Hypothesis Testing in Public Health
Biostatistics is an essential skill for every public health researcher because it provides a set of precise methods for extracting meaningful conclusions from data. In this second course of the Biostatistics in Public Health Specialization, you'll learn to evaluate sample variability and apply statistical hypothesis testing methods. Along the way, you'll perform calculations and interpret real-world data from the published scientific literature. Topics include sample statistics, the central limit theorem, confidence intervals, hypothesis testing, and p values.
Sampling Distributions and Standard Errors
-Within module one, you will learn about sample statistics, sampling distribution, and the central limit theorem. You will have the opportunity to test your knowledge with a practice quiz and, then, apply what you learned to the graded quiz.
Confidence Intervals for Single Population Parameters
-Module two builds upon previous materials to discuss confidence intervals, the need for ample sizes of data, and ways to get around the need for ample sizes of data. The practice quiz helps you prepare for the graded quiz.

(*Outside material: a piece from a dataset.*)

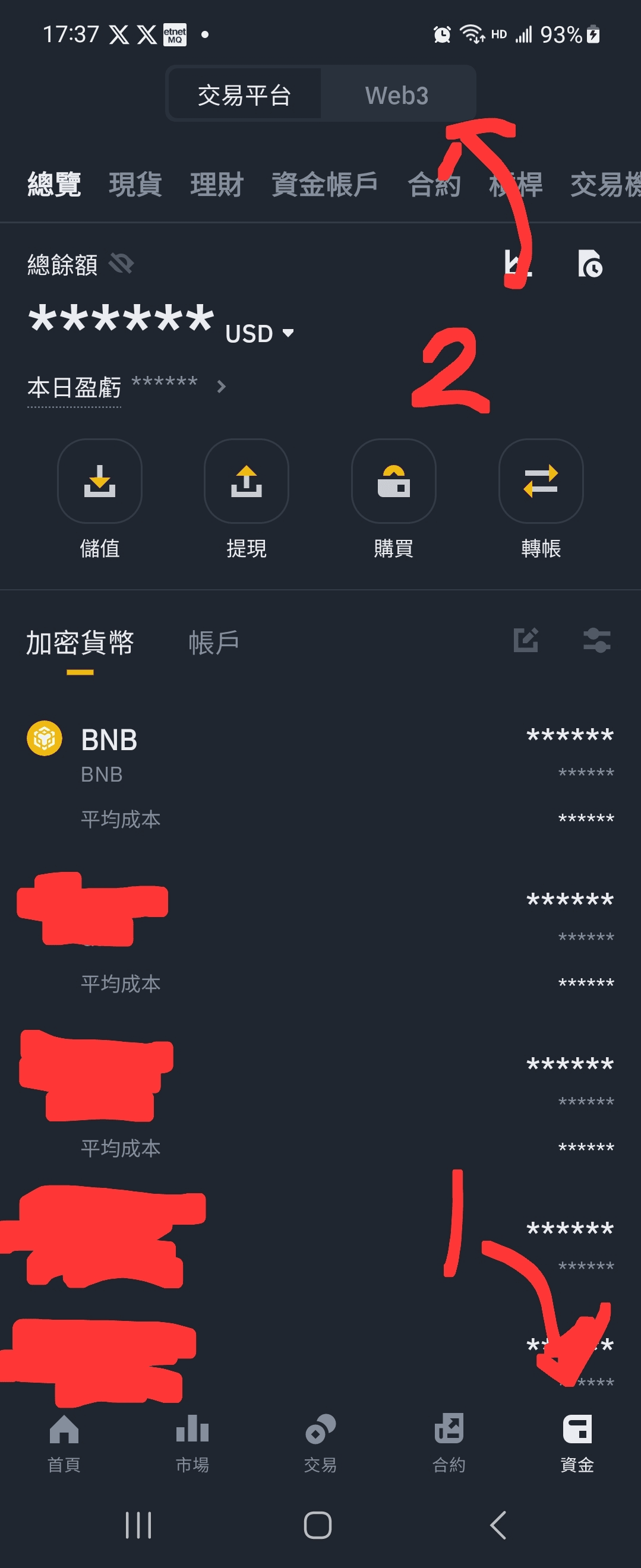 2️⃣Cliquez sur Fonds en bas de l'application Binance pour trouver Web3 sur la page, cliquez pour entrer

Confidence Intervals for Population Comparison Measures
-Within module three, confidence intervals are discussed at length and ratios are discussed again. Aside from the lectures, you will also be completing a practice quiz and graded quiz.
Two-Group Hypothesis Testing: The General Concept and Comparing Means
-Within module four, you will look at statistical hypothesis tests, confidence intervals, and p-value. There is a practice quiz to prepare you for the graded quiz.
Hypothesis Testing (Comparing Proportions and Incidence Rates Between Two Populations) & Extended Hypothesis Testing
-During this module, you get the chance to demonstrate what you've learned by putting yourself in the shoes of biostatistical consultant on two different studies, one about asthma medication and the other about self-administration of injectable contraception. The two research teams have asked you to help them interpret previously published results in order to inform the planning of their own studies. If you've already taken the Summarization and Measurement course, then this scenario will be familiar.